It’s a dilemma that every one of us in PR has to face from time to time. You’re sitting on a campaign idea that you know is going to upset a few people, but it’s simply just so good that you feel you really have to run with it.

This is exactly the issue that the community of Fruita, in the US state of Colorado, is hotly debating after a pair of local historians came up with a controversial marketing idea to raise awareness of the area.

In an initial bid to promote their own book about the city, local couple Steve and Denise Hight decided to distribute 500 stickers, which made a cheeky play on the familiar greeting Welcome to Fruita by turning it into a logo bearing the text-speak expletive WTF.
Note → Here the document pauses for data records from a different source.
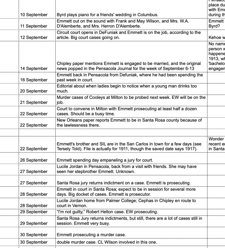 Logistically, the 246-mile trip from Pensacola (or, Santa Rosa County, Florida, where Emmett was in the middle of prosecuting murder cases) in 1911 was time consuming and expensive. Today, a one-way trip is a 4.5 hour drive (depending on traffic). But in 1911, a one-way trip was about 15 hours (mostly by trains traveling an average of 30 miles per hour, with multiple stops, and making a connection at Apalachicola). One could also take the train and then take a steamer up the Chattahoochie which might be a bit faster (10 hours or so), but again, time consuming and expensive for the average person. Because Emmett had family connections with the railroad (older brothers Francis and Meade were well-known conductors on the line he’d have used), the train cost was likely waived. The point is, this was not a trip he took regularly (or, at all).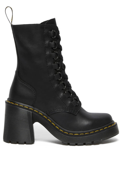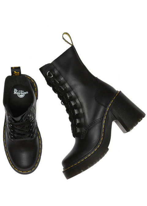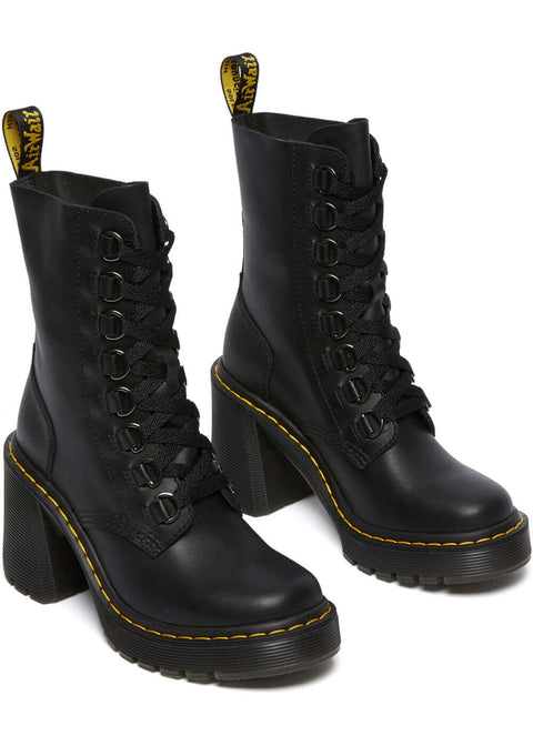 Did you know that heels can have so much attitude? With the sturdy block heels measuring 8.5 cm, Chesney takes you to new heights, while the rugged tread on the classic Dr. Martens soles keeps you firmly grounded. With Chesney, you step into the world confidently, whether it's ready or not!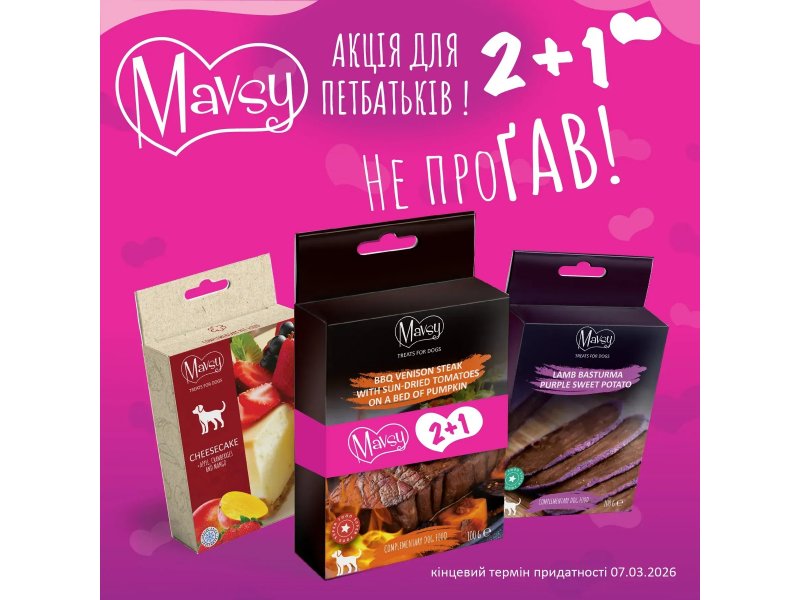 С 8 сентября по 1 декабря 2025 года — порадуйте своего питомца изысканным набором лакомств Мавси. Это не просто перекус, а настоящий суперфуд для собак — создан из натурального мяса, овощей и фруктов, без использования зерновых, консервантов и искусственных ароматизаторов.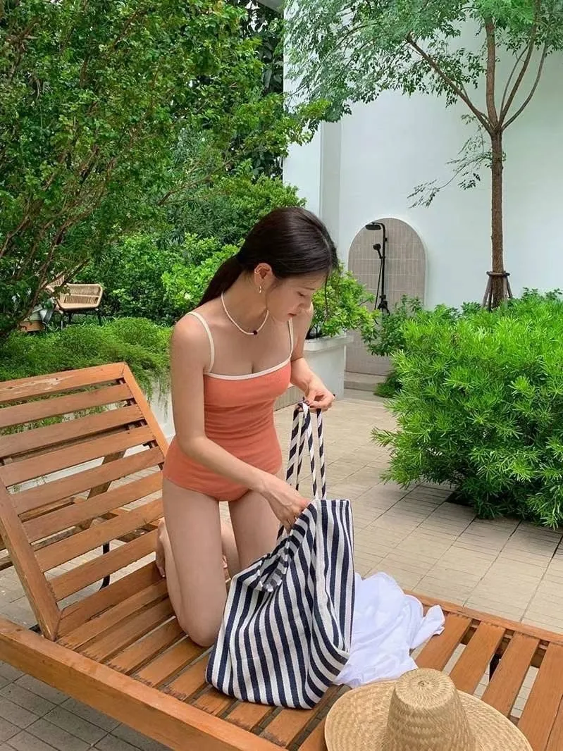 HJ511滾邊平口橘色連身泳裝(試穿品)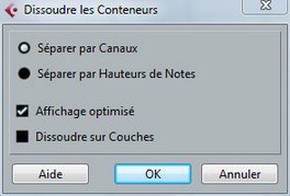 Pour les plus exigeant, ceux par exemple qui souhaitent faire une automation des volumes de chaque piste midi, pour séparer les pistes sur les différents canaux midi sélectionnez la piste 3, faites un clic droit, midiè dissoudre le container, choisissez « Séparer par canaux » et « Affichage optimisé »: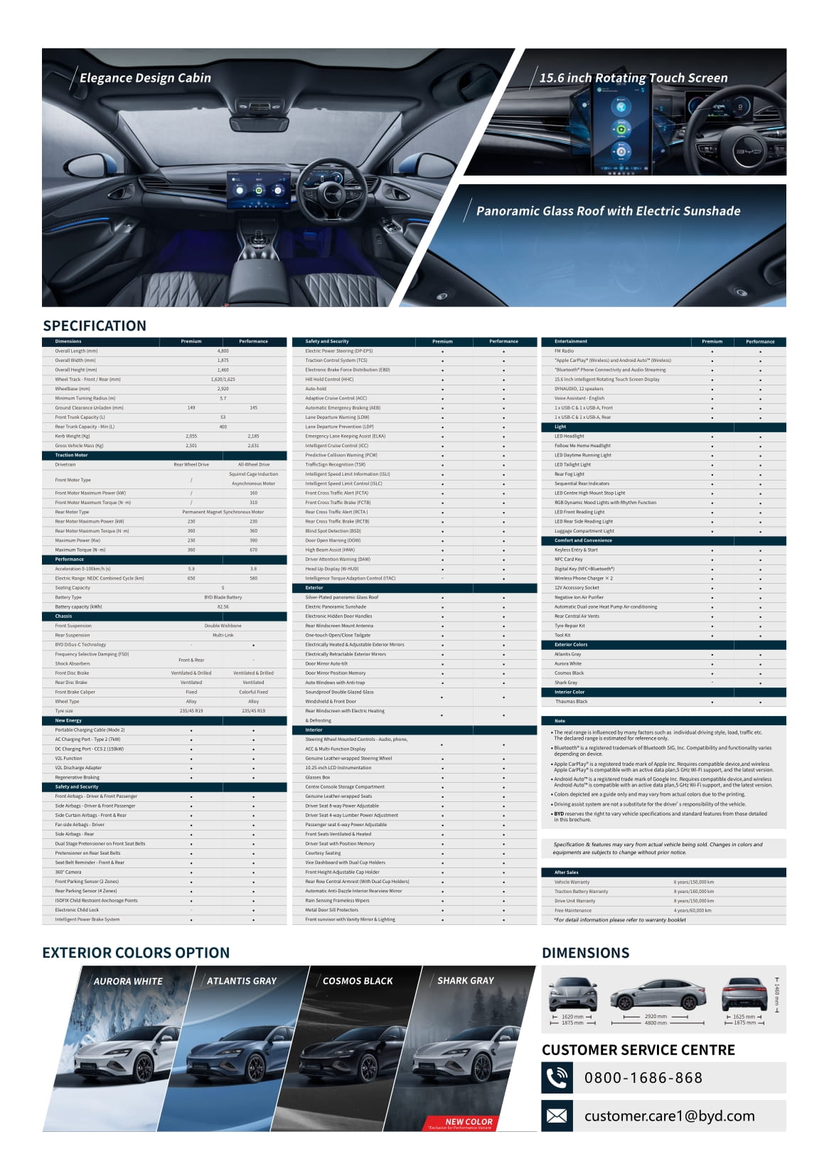 | Performance Battery BYD Blade Battery Acceleration 0-100km/h 3.8s Driving Range 580KM NEDC, 570KM WLTP Drivetrain All-wheel drive Seating Capacity 5 seats Kerb Weight 2,185 KG Max luggage capacity 450L Maximum Power 390KW Wheels 19″Alloy 235/45 R19 Display 15.6″ Rotating touch screen | |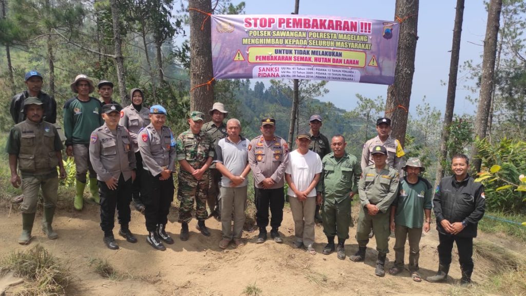 Polresta Magelang-Polda Jawa Tengah – Sebuah upaya melindungi alam berupa Sosialisasi Pencegahan Kebakaran Hutan dan Lahan (Karhutla) dan pemasangan banner peringatan dilakukan Polsek Sawangan dan beberapa pihak terkait. Kegiatan digelar di Bumi Perkemahan Sobleman dan Jalur Pendakian Suwanting, Desa Banyuroto, Kecamatan Sawangan, Kabupaten Magelang, Jumat (29/09/2023) pagi.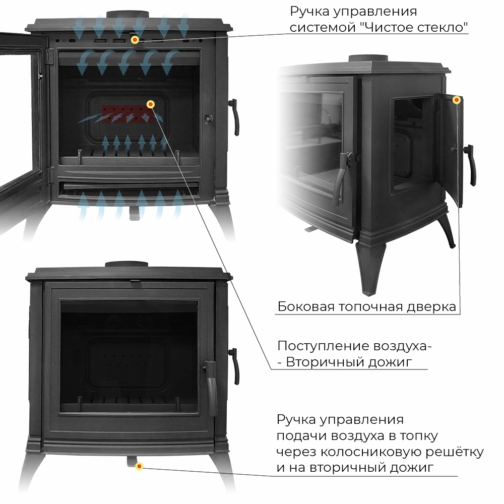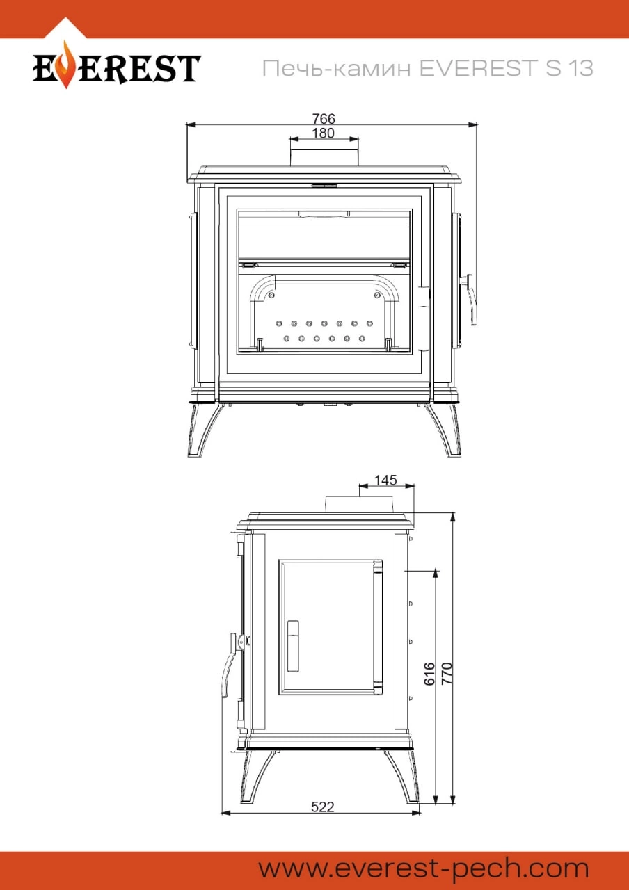 Пламегаситель: выполнен из чугуна. Под пламегасителем находятся два уровня отверстий подачи вторичного воздуха. Регулировка системы подачи воздуха вторичного дожига осуществляется заслонкой в нижней части печи. Топка Печи-камина Everest S13 дополнена второй дверкой для закладки дров справой стороны.

The brazen double entendre has proven such a big hit that the duo have gone ahead and ordered another 1,500 of the stickers and are also planning to print a range of T-shirts featuring the logo.

And now council officials are looking into adopting the logo as part of the city’s official promotional campaign, much to the dismay of local political correctness sticklers who have branded the slogan as crude and inappropriate.

In many ways we would have to agree with the opponents of the proposals, in that an expletive is not exactly the ideal association that you’d want with your home city or town.

However, from a commercial perspective you only have to look at the national and international media interest in the story so far to realise that the idea has great marketing potential and would put Fruita on the PR map for a very long while to come.